EXERCISE DIRECTIONS: Give the number of lines below that hold the string "Washington", and nothing more.

RECORDS FOR THE TASK:
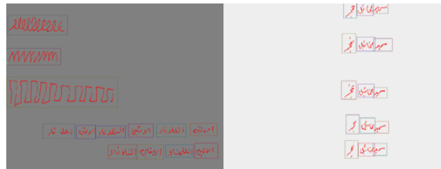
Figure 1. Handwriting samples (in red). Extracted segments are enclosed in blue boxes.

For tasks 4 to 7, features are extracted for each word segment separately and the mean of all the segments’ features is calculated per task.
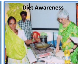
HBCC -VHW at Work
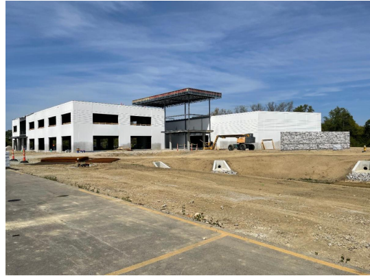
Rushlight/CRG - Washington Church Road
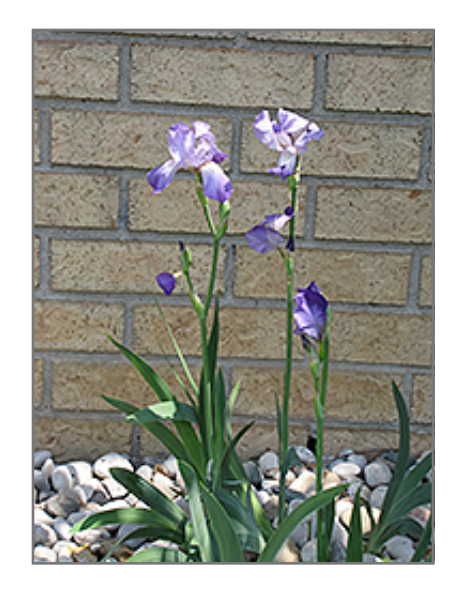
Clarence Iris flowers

--

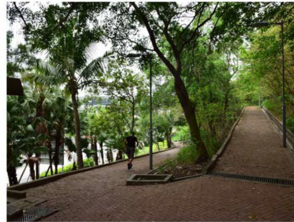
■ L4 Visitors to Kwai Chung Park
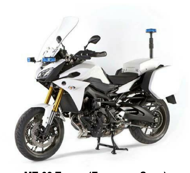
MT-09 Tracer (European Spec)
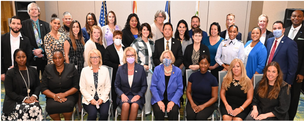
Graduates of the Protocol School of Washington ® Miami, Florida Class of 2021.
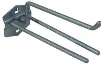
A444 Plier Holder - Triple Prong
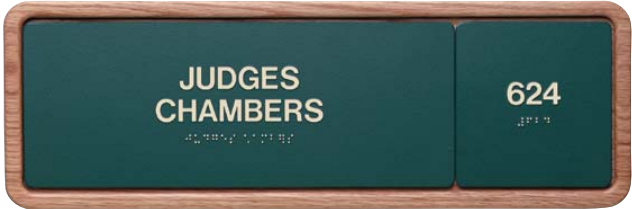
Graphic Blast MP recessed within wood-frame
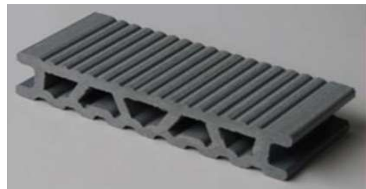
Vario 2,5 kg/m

--

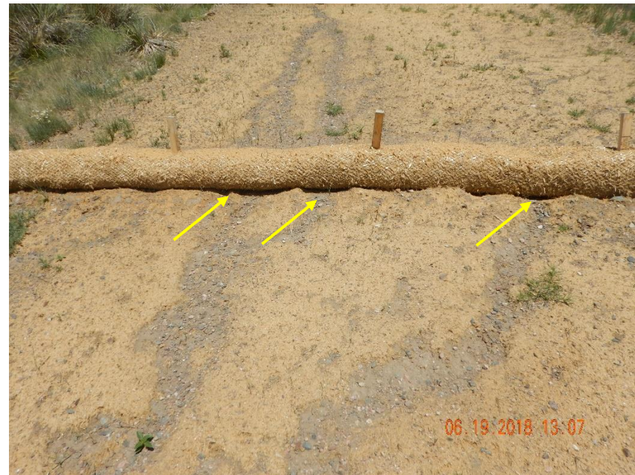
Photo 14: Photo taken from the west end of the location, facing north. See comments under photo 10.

RESULT OF THE TASK: 2